Another natural thing to do would be to look at this from the standpoint of what the central banks were saying they were trying to do. For example, some of these were exchange rate targeting or money supply targeting and things of that sort. I mean, it's interesting to say if they had followed a Taylor rule back before the Taylor rule was invented, they might have done better.
But it seems to me that would be another thing that would be of interest just to see if you could figure out how consistently following what they claimed they were doing, number one. And number two, I think it would be interesting for a monetary and fiscal history as well.
>> Yevgeniy Teryoshin: I think that's a good point other things in a similar way.
>> John Taylor: Another small point is these countries are not completely separate, they're related.
>> Yevgeniy Teryoshin: Yeah.
>> John Taylor: And their actions of the ECB may be affected by the actions in the US and Japan, so maybe that's the next step.
How do you incorporate that correlation a little bit, the different philosophies of Central Bank?
>> John Cochrane: If I could add, we had a great seminar here by Carsten's a while ago, talking to us about Central Bank of Mexico, who said, look, you guys, we love your Taylor rule.
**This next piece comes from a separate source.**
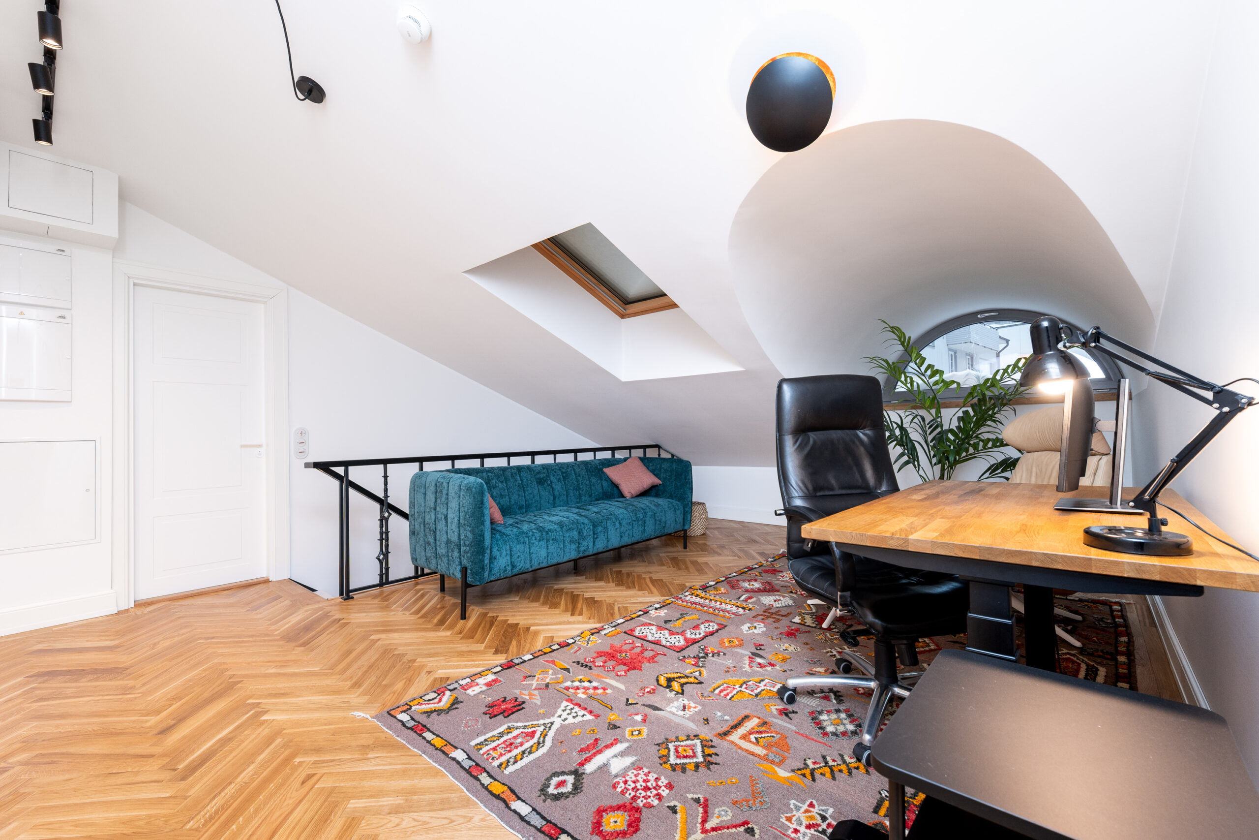 This 138 m² apartment spans two floors – the third and fourth levels of the building.

But for Mexico, we pay attention to the exchange rate and we pay attention to the US federal funds rate, cuz if we don't, we get trampled by a herd of elephants.
So kinda natural to think of a small open economy not following a pure Taylor rule, but paying attention to those variables in fine rule-like fashion because they got to.
>> John Taylor: Any other points, questions?
>> Yevgeniy Teryoshin: One last I'll just respond briefly to John in saying that I guess to some degree you have to make some choices in terms of what are the rules I wanna be thinking about.
And to me at least, it's interesting that even countries that would not necessarily just follow something like a Taylor rule in an optimal setting, in an optimal setting. They should be caring about exchange rates if the economic performance tends to be consistently better in rule-like periods, that is an interesting result of itself.
One possibility kind of that during this process that I was thinking about that referees were suggesting, he's thinking about more specific policy rules for particular countries, such as introducing exchange rates, introducing inertia. But at some point, I need to kind of make some assumptions, kind of make some choices, and these are the choices that I ended up making kid of.
And I'm not sure how much scope there is for similar papers that make slightly different assumptions on that.
>> John Taylor: Thank you very much Yevgeniy, appreciate it. Thank you, and virtual audience.